**How to complete this task:**
What the task requires is an exact printout of the listing below, pictures excluded.

**Given information:**
:::
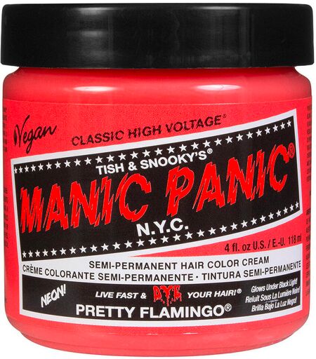 The High Voltage Classic semi-permanent hair dye from Manic Panic includes a variety of vibrant shades. The high-quality ingredients used ensure that you get a high-quality color result. The nourishing ingredients in the formula condition the hair during coloring and ensure a silky, shiny finish and a smooth hair feel. Pretty Flamingo is a warm pink with orange undertones. Pretty Flamingo glows under black light, so we recommend lightening hair to blonde level 10 or lighter before application. Important features: Required hair level: 10 or higherIntensity: BrightLongevity of the color: LowUV reactive: Yes Manic Panic hair colors are ready to use and no developer is required. Vegan and cruelty freeFree from: PPD, parabens, ammonia, resorcinol, phthalates and glutenApproximately 4 - 6 weeks of long-lasting colorFades gradually with every hair washShades can be mixed with each otherCan be combined with the Pastel-izer to create soft, trendy pastel shades8 UV-reactive shades available that glow under black lightReady to use, no developer requiredBest results with pre-lightened hairMade in the USA How many 118 ml cans do I need for my hair? Short to bob-length hair: 1 - 2 doses, depending on hair thickness. Shoulder to waist length hair: 2 - 3 doses, depending on hair thickness. For thick hair, an additional can may be required for the ends. Waist-length and longer hair: 3+ doses, depending on the thickness of the hair. Application: 1. wash hair with a deep cleansing shampoo, do not use conditioner.2. dry hair with a blow dryer to ensure hair is extremely porous3. put on gloves and apply the tint strand by strand with a coloring brush. Make sure that each strand of hair is covered with enough color to avoid a patchy result.4. then comb through the hair to ensure that the color is evenly distributed. The color cream may become slightly foamy.5. cover the hair with a plastic cap and leave the color on for 30-45 minutes. For more intensity, leave under a heat source.6. rinse the hair with cold water until the water runs clear. Avoid contact with face and body. Do not shampoo hair.7. style as desired. To avoid color transfer, always make sure hair is completely dry. Warnings: For external use only. Keep out of reach of children. Use only as directed. This product contains ingredients that may cause skin irritation in certain individuals; therefore, a preliminary test should first be carried out according to the enclosed instructions. Do not use this product to tint eyebrows or eyelashes; this may cause blindness. If the product gets into the eyes, rinse the eyes immediately with water and seek medical advice. ...
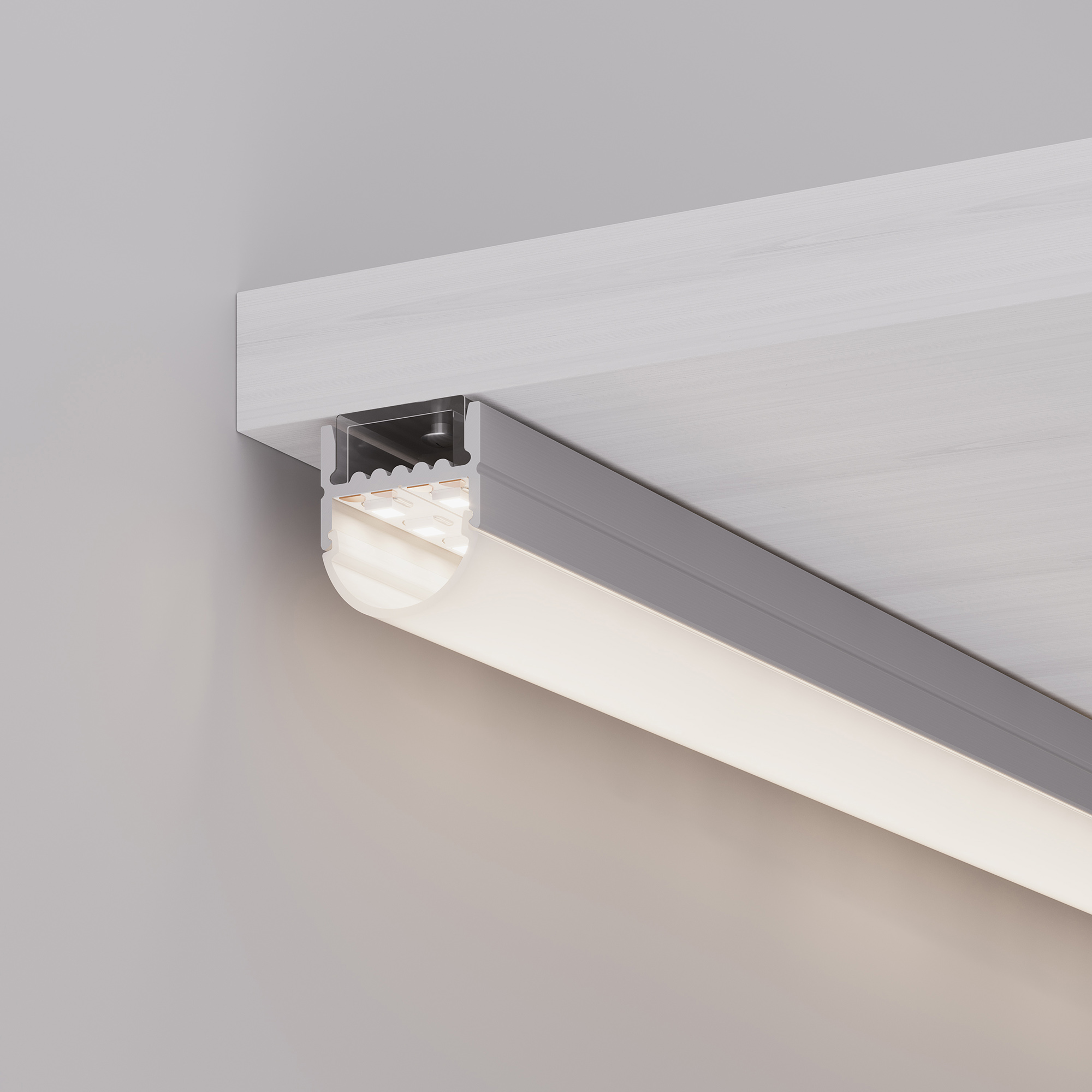 Алюминиевый анодированный накладной профиль для светодиодных лент и линеек. Большой выбор круглых, квадратных, фигурных экранов и заглушек. Габаритные размеры (L?W?H): 2000x19,5x13,2 мм. Ширина площадки для ленты 15 мм. Экраны, заглушки и другие аксессуар
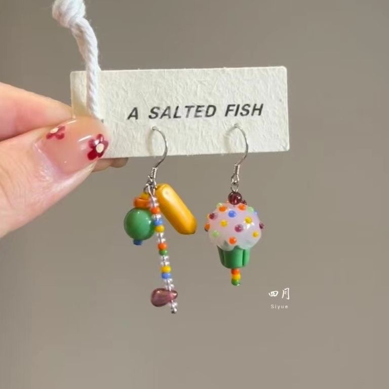 【童趣味ケーキ】オリジナルデザインカラーかわいい風瑠璃ビーズイヤリング気質シンプルイヤリング
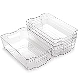 Storage Made Simple: Our versatile, stackable storage bins are a kitchen essential for any home organization. Use our clear storage bins in the pantry or refrigerator to organize your food items or as a bathroom organizer to store toiletries neatly. These bins have an innovative design that allows you to stack them up to save on space while providing easy access to your items. They’re also great for storing craft materials, toys, and more. Expertly Designed: All of our large, clear storage bins are expertly crafted for functionality and convenience. THE STACKER COLLECTION features BPA-free plastic organizer bins with built-in, easy-grip side handles for easy lifting, sliding, and transportation. Our stackable, clear containers for organizing living spaces are see-through, making it easy to find or locate what you need without opening the container. Multipurpose Bins: Save space anywhere and let our stackable clear plastic storage bins do the work for you. They are versatile enough to use for various needs. Use our plastic organizer bins to organize yogurt cups, canned goods, food packets, cheese, meat, drink boxes, baby food packs, juice packs, boxed foods, fresh produce, and more! THE STACKER COLLECTION can be worthwhile to use in apartments, condos, dorm rooms, RVs, and campers. Shatter-resistant: Our stackable plastic organizer bins are made of shatterproof material, which protects your kitchen goods and home essentials against damage in case it falls. THE STACKER COLLECTION makes a great gift for different occasions such as Thanksgiving, housewarming events, weddings, Christmas, or just a casual present you want to share with your family and loved ones. Useful for Small-spaced Homes: When a refrigerator and pantry do not have enough storage space, our stackable plastic bins offer a practical solution. These storage organizer bins are a smart and stylish way to organize small spaces in homes, and they won't take up too much space. Our X-Large, clear storage bins are thoughtfully sized to accommodate various items and measure 14.5"x 8.25"x 4".
:::
**Task solution:**
 The High Voltage Classic semi-permanent hair dye from Manic Panic includes a variety of vibrant shades. The high-quality ingredients used ensure that you get a high-quality color result. The nourishing ingredients in the formula condition the hair during coloring and ensure a silky, shiny finish and a smooth hair feel. Pretty Flamingo is a warm pink with orange undertones. Pretty Flamingo glows under black light, so we recommend lightening hair to blonde level 10 or lighter before application. Important features: Required hair level: 10 or higherIntensity: BrightLongevity of the color: LowUV reactive: Yes Manic Panic hair colors are ready to use and no developer is required. Vegan and cruelty freeFree from: PPD, parabens, ammonia, resorcinol, phthalates and glutenApproximately 4 - 6 weeks of long-lasting colorFades gradually with every hair washShades can be mixed with each otherCan be combined with the Pastel-izer to create soft, trendy pastel shades8 UV-reactive shades available that glow under black lightReady to use, no developer requiredBest results with pre-lightened hairMade in the USA How many 118 ml cans do I need for my hair? Short to bob-length hair: 1 - 2 doses, depending on hair thickness. Shoulder to waist length hair: 2 - 3 doses, depending on hair thickness. For thick hair, an additional can may be required for the ends. Waist-length and longer hair: 3+ doses, depending on the thickness of the hair. Application: 1. wash hair with a deep cleansing shampoo, do not use conditioner.2. dry hair with a blow dryer to ensure hair is extremely porous3. put on gloves and apply the tint strand by strand with a coloring brush. Make sure that each strand of hair is covered with enough color to avoid a patchy result.4. then comb through the hair to ensure that the color is evenly distributed. The color cream may become slightly foamy.5. cover the hair with a plastic cap and leave the color on for 30-45 minutes. For more intensity, leave under a heat source.6. rinse the hair with cold water until the water runs clear. Avoid contact with face and body. Do not shampoo hair.7. style as desired. To avoid color transfer, always make sure hair is completely dry. Warnings: For external use only. Keep out of reach of children. Use only as directed. This product contains ingredients that may cause skin irritation in certain individuals; therefore, a preliminary test should first be carried out according to the enclosed instructions. Do not use this product to tint eyebrows or eyelashes; this may cause blindness. If the product gets into the eyes, rinse the eyes immediately with water and seek medical advice. ...
 Алюминиевый анодированный накладной профиль для светодиодных лент и линеек. Большой выбор круглых, квадратных, фигурных экранов и заглушек. Габаритные размеры (L?W?H): 2000x19,5x13,2 мм. Ширина площадки для ленты 15 мм. Экраны, заглушки и другие аксессуар
 【童趣味ケーキ】オリジナルデザインカラーかわいい風瑠璃ビーズイヤリング気質シンプルイヤリング
 Storage Made Simple: Our versatile, stackable storage bins are a kitchen essential for any home organization. Use our clear storage bins in the pantry or refrigerator to organize your food items or as a bathroom organizer to store toiletries neatly. These bins have an innovative design that allows you to stack them up to save on space while providing easy access to your items. They’re also great for storing craft materials, toys, and more. Expertly Designed: All of our large, clear storage bins are expertly crafted for functionality and convenience. THE STACKER COLLECTION features BPA-free plastic organizer bins with built-in, easy-grip side handles for easy lifting, sliding, and transportation. Our stackable, clear containers for organizing living spaces are see-through, making it easy to find or locate what you need without opening the container. Multipurpose Bins: Save space anywhere and let our stackable clear plastic storage bins do the work for you. They are versatile enough to use for various needs. Use our plastic organizer bins to organize yogurt cups, canned goods, food packets, cheese, meat, drink boxes, baby food packs, juice packs, boxed foods, fresh produce, and more! THE STACKER COLLECTION can be worthwhile to use in apartments, condos, dorm rooms, RVs, and campers. Shatter-resistant: Our stackable plastic organizer bins are made of shatterproof material, which protects your kitchen goods and home essentials against damage in case it falls. THE STACKER COLLECTION makes a great gift for different occasions such as Thanksgiving, housewarming events, weddings, Christmas, or just a casual present you want to share with your family and loved ones. Useful for Small-spaced Homes: When a refrigerator and pantry do not have enough storage space, our stackable plastic bins offer a practical solution. These storage organizer bins are a smart and stylish way to organize small spaces in homes, and they won't take up too much space. Our X-Large, clear storage bins are thoughtfully sized to accommodate various items and measure 14.5"x 8.25"x 4".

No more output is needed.